**WORK INSTRUCTION:** Take the material below and reproduce, word for word, only the lines from the line with "衛(wèi)生間的堵頭設(s" through the line with "In-house dining options".

**ENTRIES SUPPLIED:**
- Opening Delimiter -

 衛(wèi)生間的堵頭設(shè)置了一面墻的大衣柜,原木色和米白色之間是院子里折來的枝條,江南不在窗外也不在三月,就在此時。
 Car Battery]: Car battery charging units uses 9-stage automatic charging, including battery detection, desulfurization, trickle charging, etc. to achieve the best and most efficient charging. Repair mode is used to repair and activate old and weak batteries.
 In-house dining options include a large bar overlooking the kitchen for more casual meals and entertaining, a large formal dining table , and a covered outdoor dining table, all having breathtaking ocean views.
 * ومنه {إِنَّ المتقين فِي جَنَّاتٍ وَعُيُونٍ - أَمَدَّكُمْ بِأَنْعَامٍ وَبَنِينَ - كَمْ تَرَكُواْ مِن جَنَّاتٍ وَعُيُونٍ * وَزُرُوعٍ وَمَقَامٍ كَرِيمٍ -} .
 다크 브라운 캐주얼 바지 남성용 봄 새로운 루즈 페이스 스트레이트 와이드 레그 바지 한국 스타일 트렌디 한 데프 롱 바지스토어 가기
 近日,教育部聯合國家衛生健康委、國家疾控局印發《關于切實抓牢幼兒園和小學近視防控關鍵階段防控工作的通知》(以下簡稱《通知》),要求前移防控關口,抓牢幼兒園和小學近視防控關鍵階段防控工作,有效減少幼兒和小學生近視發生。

- Closing Delimiter -
- Opening Delimiter -

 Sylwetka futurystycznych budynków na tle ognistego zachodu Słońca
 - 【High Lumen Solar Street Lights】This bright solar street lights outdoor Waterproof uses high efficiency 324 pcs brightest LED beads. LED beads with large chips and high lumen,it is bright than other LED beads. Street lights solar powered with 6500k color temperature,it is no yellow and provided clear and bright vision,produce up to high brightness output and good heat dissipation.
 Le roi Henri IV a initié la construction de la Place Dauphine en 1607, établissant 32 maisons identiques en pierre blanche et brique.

- Closing Delimiter -

**EXERCISE SOLUTION:**
 衛(wèi)生間的堵頭設(shè)置了一面墻的大衣柜,原木色和米白色之間是院子里折來的枝條,江南不在窗外也不在三月,就在此時。
 Car Battery]: Car battery charging units uses 9-stage automatic charging, including battery detection, desulfurization, trickle charging, etc. to achieve the best and most efficient charging. Repair mode is used to repair and activate old and weak batteries.
 In-house dining options include a large bar overlooking the kitchen for more casual meals and entertaining, a large formal dining table , and a covered outdoor dining table, all having breathtaking ocean views.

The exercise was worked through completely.